To illustrate the point, consider the notion of purchase. The physical product being procured may have manifestations in multitude of different aspects of an enterprise whilst still maintaining its identity. First, a purchase order for a product is received by the vendor using some sort of supply chain integration, possibly via ebXML, and an invoice is sent back. Second, an inbound payment is being acknowledged by a bank and reported to the company via SWIFT MT message. Third, an inventory tracking system is told to deduce the number of items in stock. Finally, a shipping is agreed upon with a courier service. And there might be some automated regulatory reporting involved if, say, a product is subject to export restrictions or special export VAT rate. Data related to the same physical item is being exchanged through these integration points, but they have widely varied and even mutually inconsistent understanding of what the item is.
Therefore, someone somehow still have to bridge all those differences between disparate domains, by implementing and maintaining fairly sophisticated EAI logic that have to cater for such obscure things as partial payments, returns, bulk and repeating orders, lost shipping, claims, reconciliation, and things like that.
Third-generation integration standards offer an answer for this challenge, that is the standardization of semantics, i.e. converging on a common meaning of elements belonging to disparate underlying models of all involved integration standards. Such standards usually start with agreeing on a particular upper ontology that describes general categories of being such as time, space, math, physics, and then producing an unambiguous specifications of all relevant models using a formal notation, which is quite commonly based on first-order predicate calculus. In other words, natural language specifications of first- and second-generation integration standards are rewritten in a logically rigorous way, e.g. in a form of, say, RDF triplets. Considering all above, probably the best way to refer to the third generation as semantics-based integration standards.
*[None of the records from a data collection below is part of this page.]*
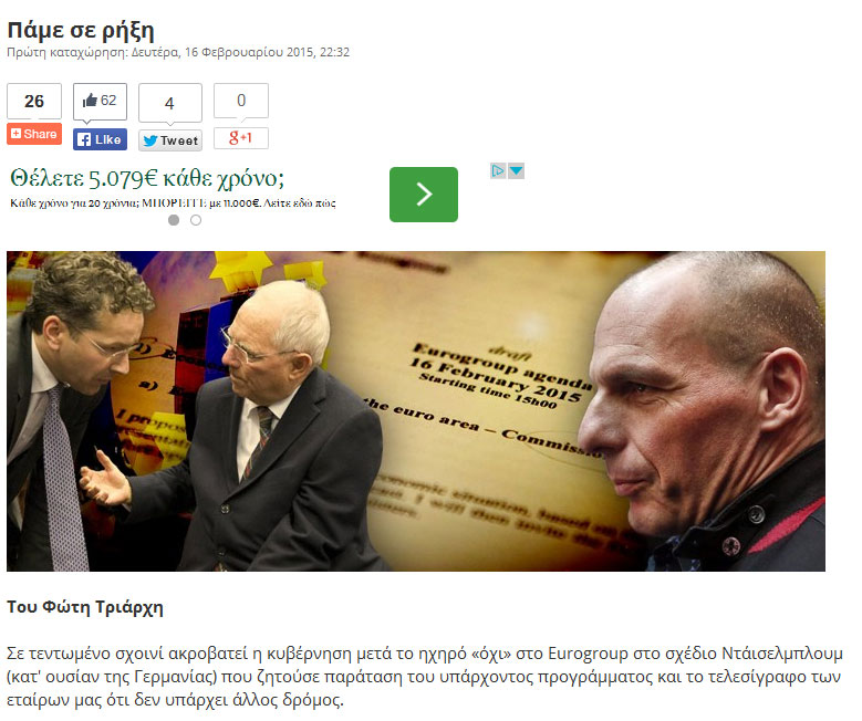 «Η Ελλάδα απειλείται με έξοδο από την Ευρωζώνη. Μετά από μία χαοτική συνεδρίαση, οι υπουργοί Οικονομικών της Ευρωζώνης έθεσαν στην Αθήνα ένα τελεσίγραφο. Η νέα κυβέρνηση, υπό τον Αριστερό πρωθυπουργό Αλέξη Τσίπρα, έχει χρόνο μέχρι την Τετάρτη για να ζητήσει την παράταση του προγράμματος που λήγει στις 28 Φεβρουαρίου».
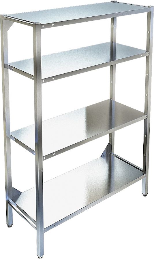Кухонный стеллаж Техно-ТТ СТР-154/804 используется на предприятиях общественного питания, торговли и пищевых производствах для хранения посуды, кухонного инвентаря и продуктов. В модели предусмотрены регулируемые ножки и полки. Тип каркаса - разборный, полки - сплошные. Материал каркаса - нержавеющая сталь AISI 430 (труба 40х20 мм толщиной 1,2 мм), материал полок - нержавеющая сталь AISI 304 (толщина 0.8 мм).
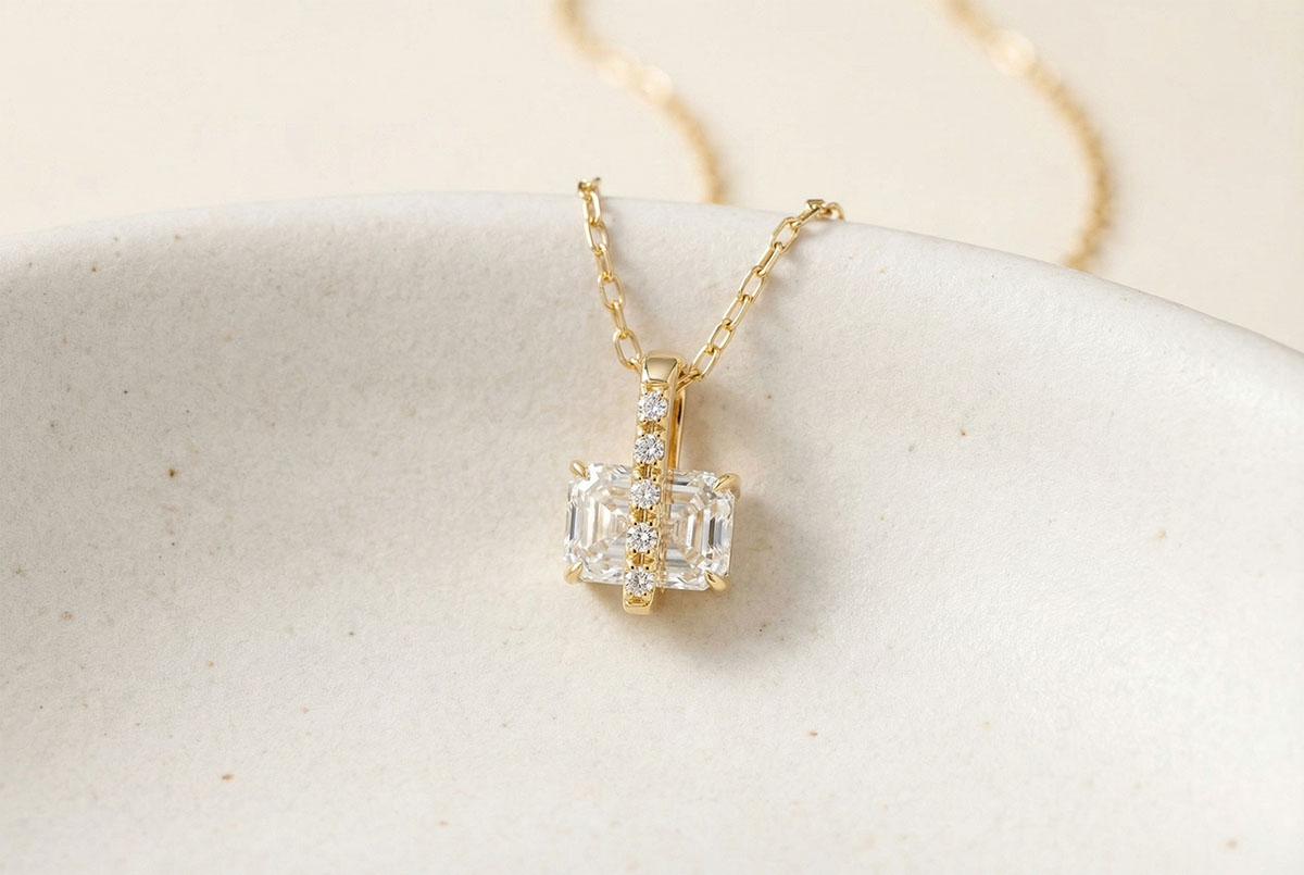 Un diamant de 1 carat tăietură smarald se află în centrul atenției, acompaniat de cinci diamante suplimentare, sertizate pentru a pune în valoare bijuteria cu echilibru și strălucire.O piesă grafică și îndrăzneață, creată pentru a captiva privirile.
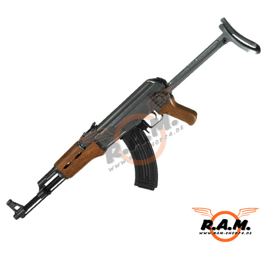 Die CM028S ist ein AKS47-Modell mit klappbarem Schaft und durchgehendem Lauf, das sich perfekt für Nah- und Mittelstreckeneinsätze im Gelände eignet.
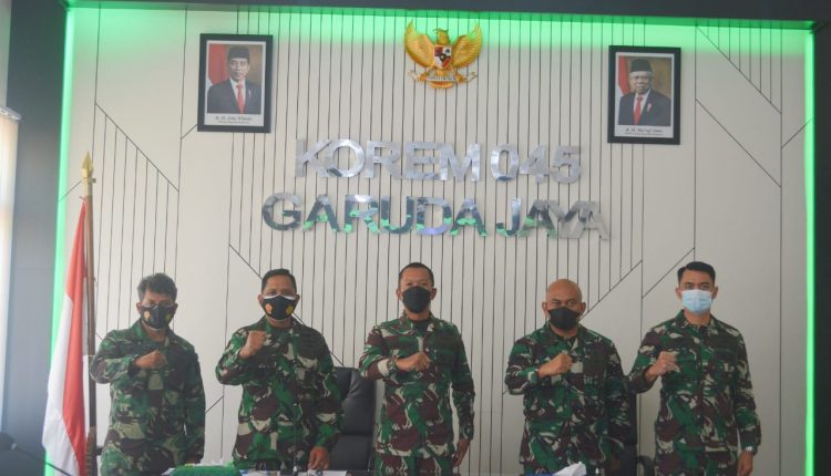 TerabasNews, Pangkalpinang. Penrem 045/Garuda Jaya – Danrem 045/Garuda Jaya Brigjen TNI M Jangkung Widyanto, S.I.P. M.Tr.(Han) memberikan pembekalan tentang kondisi wilayah dan satuan Korem 045/Gaya kepada Perwira Siswa Sekolah Staf dan Komando TNI AL Dikreg Angkatan LIX tahun 2021 melalui Vidcon Senin 19/04/2021.
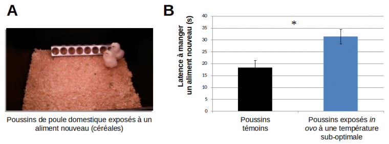 Des travaux récents montrent qu’une exposition répétée (deux fois 1h par jour) à une température sub-optimale (27°C) pendant le développement embryonnaire engendre des poussins plus enclins à exprimer de la néophobie alimentaire et spatiale (peur d’un environnement nouveau) [27]. En effet, des poussins exposés de manière chronique à une température sub-optimale pendant l’incubation montrent des latences d’approche d’un aliment nouveau plus longues que des poussins exposés in ovo à une température constante optimale de 37,8°C (poussins témoins) (Figure 1).
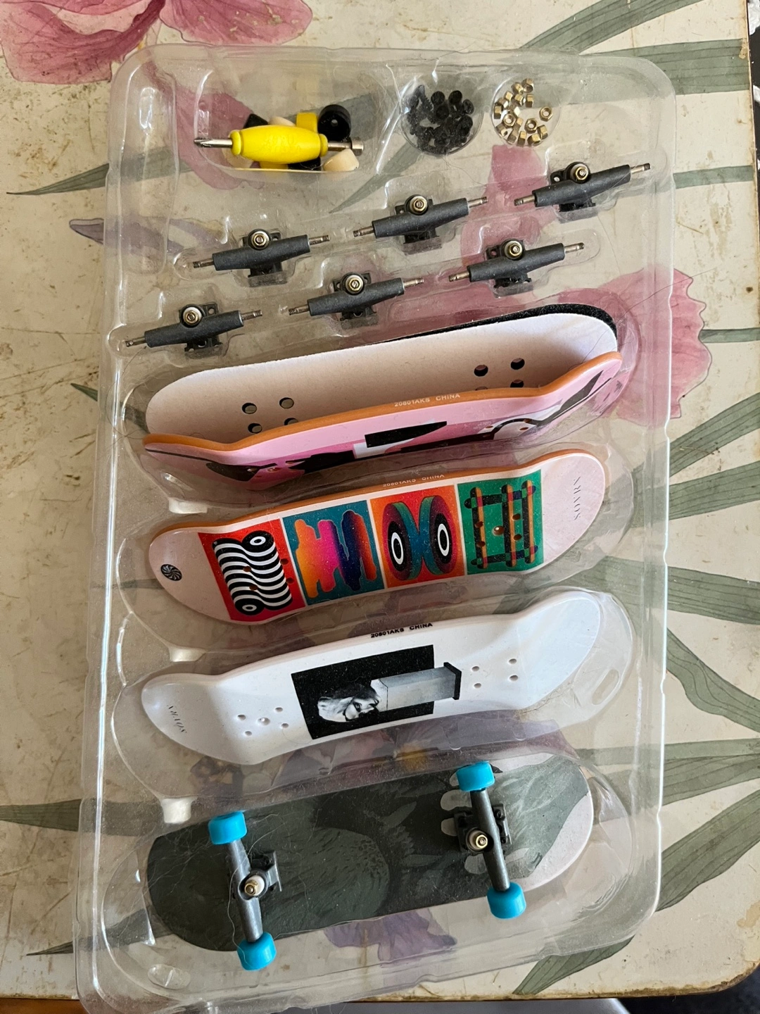 Four fingerboards, trucks, wheels, and hardware. Great for collectors or beginners.

Considering amount of effort required to rewrite and reconcile differences between disparate integration domains, it is not surprising that third-generation standards are still in their infancy. However, there are few prominent attempts that slowly getting traction at least in certain industries. As far as I know, the most well-developed one is ISO 15926: Industrial automation systems and integration — Integration of life-cycle data for process plants including oil and gas production facilities. Despite its confusing name, it’s actually contains a full-blown upper ontology of 201 elements describing all categories that are arguably sufficient to construct any practically required. As of now, ISO 15926 standard is primarily used by manufacturing organizations to share and hand over specifications for engineering artifacts and components, but there are few interest groups working toward applying the standard to other domains.
Needless to say, third-generation standards indeed look promising. However, having recently got an exposure to post-structuralist thinking I’ve obtained a new perspective on things that make me feel incredulity toward the possibility of an overreaching third generation integration standard. But this is something I’m going to address as a separate post.